На улице было не жарко, но я никак не могла остыть после близости с Кей-Кеем, и сон не шел. За окном слышались выстрелы, которые я хотела бы забыть. Наконец я задремала, а когда снова открыла глаза, оказалось, что я накрыла голову подушкой. Не поворачиваясь, я протянула руку, чтобы дотронуться до Кей-Кея, но его не было. Я вдруг поняла, что не сказал ему самого главного, того, что обязательно нужно было сказать. Я осторожно позвала его. Я боялась: вдруг он уже исчез? Но он стоял, голый, в темноте и смотрел в окно. Юг города пылал: горели, ярко освещая ночное небо, то ли машины, то ли дома. Я попросила Кей-Кея вернуться ко мне. Он ответил, что город в огне, — это такое жуткое зрелище, что становится страшно. И добавил, что все равно еще немного посмотрит, а потом вернется ко мне. Почему он не захотел вернуться сразу, если, по его словам, вид горящего города пугал его.
Я снова уткнулась в подушку и пробормотала то, что хотела сказать Кей-Кею. Шептала, чтобы он никогда не покидал меня. Не знаю, зачем были все эти слова.
Я так испугалась, проснувшись в тот раз, что до утра уже больше не смогла заснуть.

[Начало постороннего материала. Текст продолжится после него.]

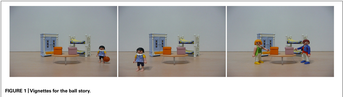
FIGURE 1 | Vignettes for the ball story.

The two other stories were built on the same model. In each of them, the young girl, the object carried, the colors of the boxes and their places (right/left), the two female informants, their names and their places (right/left), the two female informants, their names and their places (right/left) were varied. The child could obtain a maximum score of 3 points (1 point for each story when the box linked to the more fluent statement was chosen).
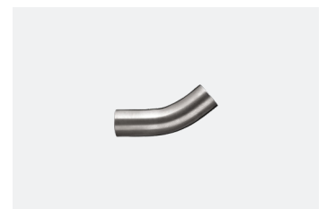
Coat Hook TSL.974
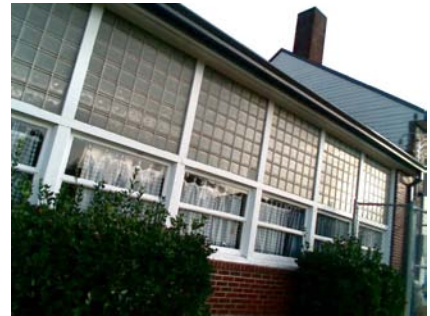
W Primary Structural Type
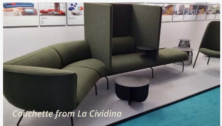
Couchette from La Cividina

Italian makers La Cividina from near Udine showed their interesting Couchette soft seating units designed by Lucidi Pevere.
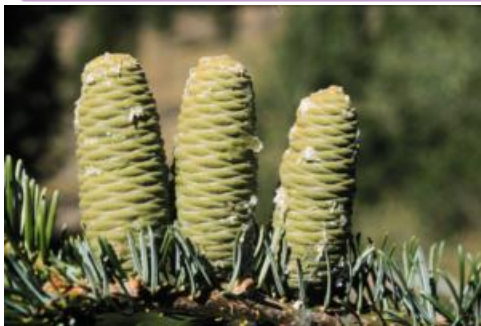
Full size green, immature cones of grand fir in mid-summer
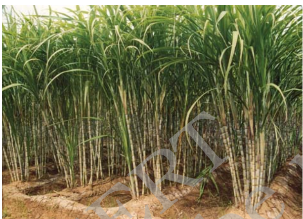
Fig. 4.8: Sugarcane Cultivation

Sugarcane: It is a tropical as well as a subtropical crop. It grows well in hot and humid climate with a temperature of 21°C to 27°C and an annual rainfall between 75cm.
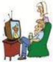
j) I watch TV
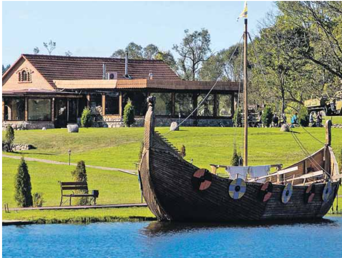
Drakkar sailing along 'Varangians to the Greeks' route

New approaches are being made, such as staff at the Park-Museum of Interactive History, at Sula in the
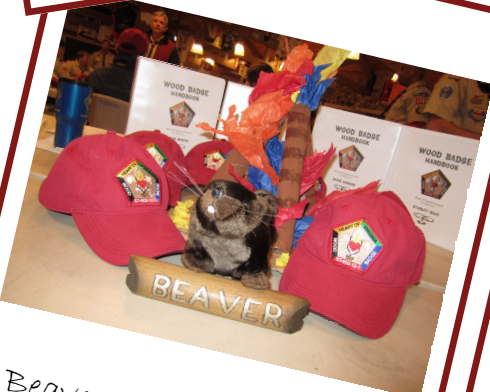
Beaver's keep a neat den
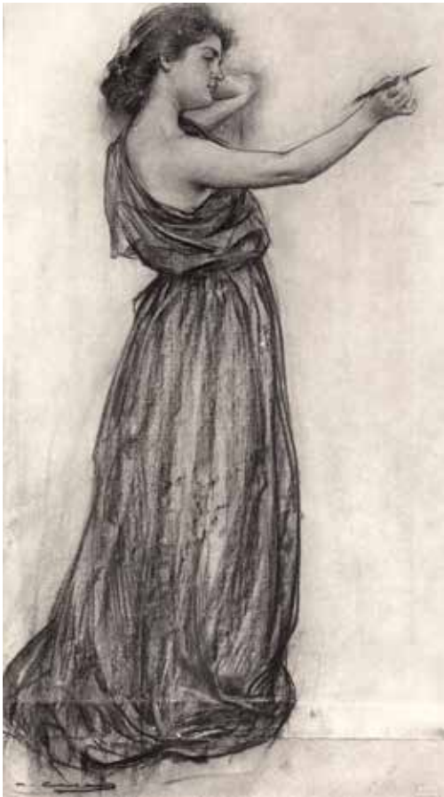
Figs. 21-22. Here we see Júlia in a preliminary sketch by Casas. The adjacent page shows the drawing applied to a printed advertising postcard for the Espasa Encyclopaedia.
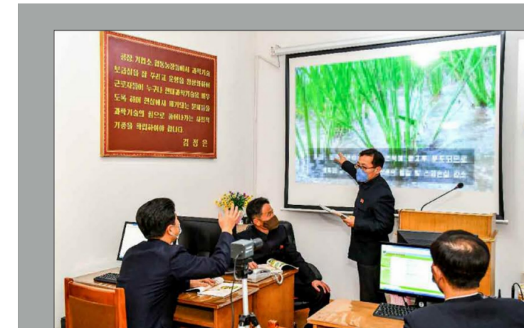
Officials discuss how to provide efficient online question and answer service for diffusing farming techniques at the Ministry of Agriculture.
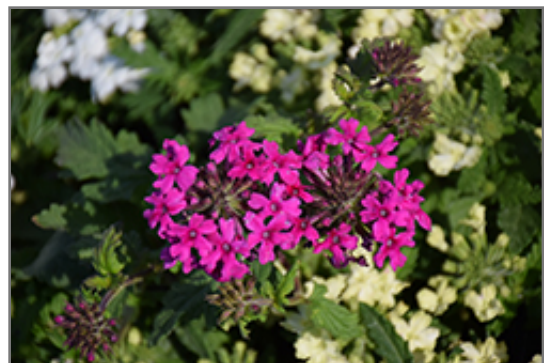
Homestead Hot Pink Verbena flowers
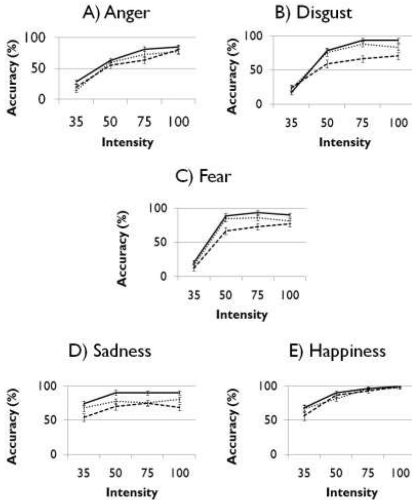
Figure 3. Percentage of correct answers (accuracy) for each emotion depicted as a function of display intensity. Bars represent standard error of the mean. Black lines = controls. Dashed lines = right TLE patients. Dotted lines = left TLE patients.

control did not change the results, the three way interaction still the only significant finding. Thus, we conclude that differences in FER are not due to differences in education.
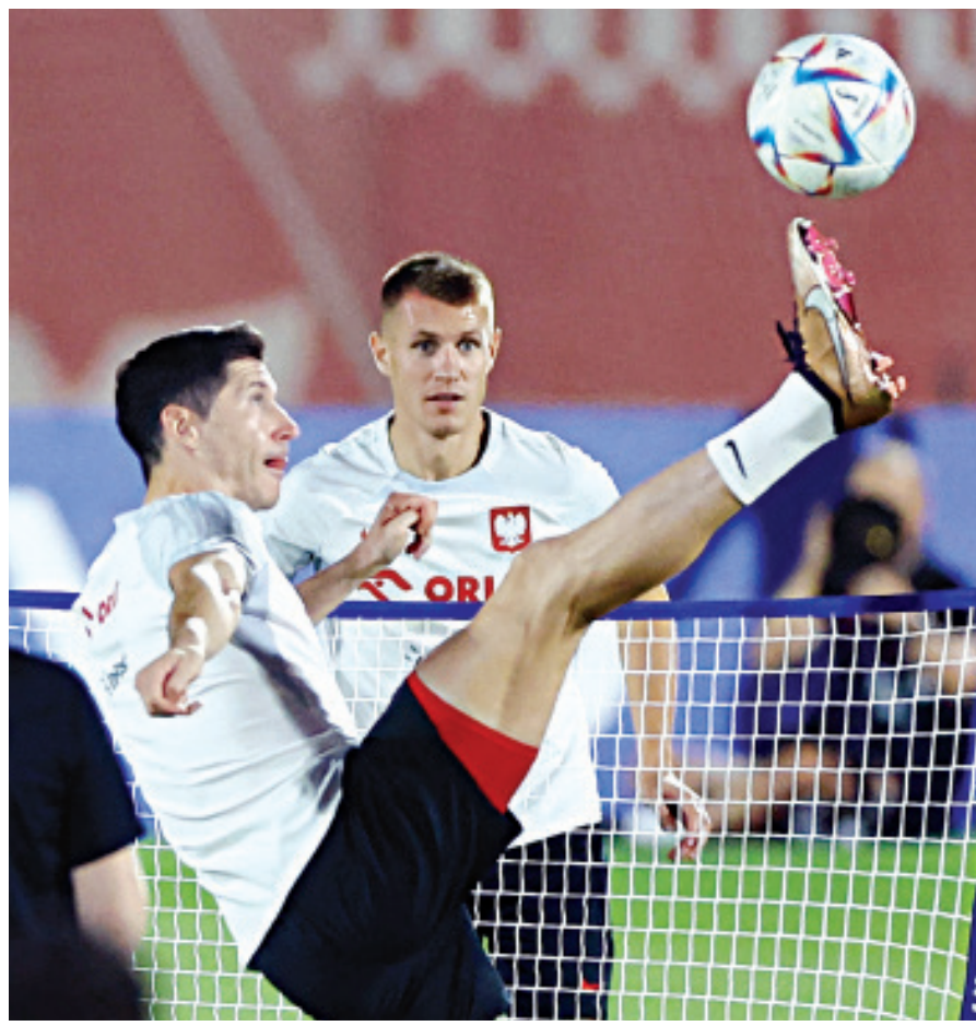
Robert Lewandowski (L) is a deadly weapon up front for Poland but much of his side's chances against the defending champions France will depend on how they neutralise Kylian Mbappe (R) and company in the two side's round of 16 encounter at the Al Thumama Stadium tonight.

"Senegal will be tough," he said. "They're very well organised, they've got a lot of good individual players playing in big European leagues and their expectations now will rise."
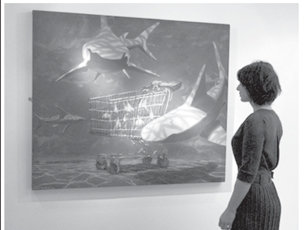
A gallery assistant looks at a painting in London. A contemporary art auction raised 95 million pounds (125 million euros, 188 million dollars) on 27 Feb, in London, the highest total for such a sale in Europe, auction house Sotheby's said. —INTERNET

Fire engulfed several buildings in the centre of France's third biggest city and police evacuated close to 1,000 people from the area. A 35-year-old firefighter and father of two children who was investigating a leak of gas into the basement of a building was killed in the blast, said Lyon Mayor Gerard Colomb. Interior Minister Michele Alliot-Marie, who travelled immediately to the scene, told reporters that lax security was partly to blame. She said she was sorry that “all the security procedures were not sufficiently taken into account” and pledged to find ways to boost safeguards for gas maintenance work. —Internet
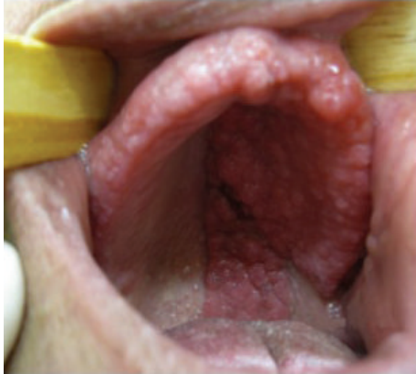
FIGURE 1: Verrucous lesions without facial midline involvement.

At the age of 16, patient had a left parotid gland myxoid tumor, being submitted to a partial parotidectomy surgery. After two years, the tumor returned, and she had another surgery. During the new operation, the left facial nerve was injured, resulting in an ipsilateral peripheral facial paralysis. After the procedure, patient received adjuvant radiotherapy.

Утром, уезжая от Кей-Кея, я ехала по Семнадцатой авеню и вспомнила о палисандровом дереве, про которое он рассказывал. Но, повернув голову в сторону магазина, я заметила только людей, лежавших в ряд на парковке со связанными за спиной руками. Это были иммигранты, выходцы из Латинской Америки, которые, воспользовавшись беспорядками, начали грабить магазины и лавки. Несколько человек с самого края извивались, пытаясь подняться на ноги. Это напоминало мучения перевернувшегося жука-скарабея. Мне было так неприятно вспоминать об этом позже, что еще года два я ни разу не подходила к тому магазину на углу. Вернулась я туда лишь однажды, когда Кей-Кей уже лежал в больнице. Конечно, я не думала, что мексиканская девушка все еще стоит под деревом, и, как и следовало ожидать, сама я эту девушку так никогда и не увидела. Хорошо хоть, что само палисандровое дерево по-прежнему стояло на своем месте. Я посмотрела вверх на его цветы. Но я не помню точно, были ли они фиолетовыми или голубыми в тот день. Помню только, что я молилась, стоя под тем деревом. Кей-Кей ведь сделал доброе дело: впервые в жизни подал деньги нищенке на улице. Если, Господь, Ты и правда Спаситель… Я никогда раньше не молилась и не обращалась к Господу, поэтому не знаю, правильную ли молитву я творила. Под порывом ветра с дерева опало несколько цветов. Я простояла там около получаса. Наверное, этого оказалось слишком мало. Через несколько дней Кей-Кей умер.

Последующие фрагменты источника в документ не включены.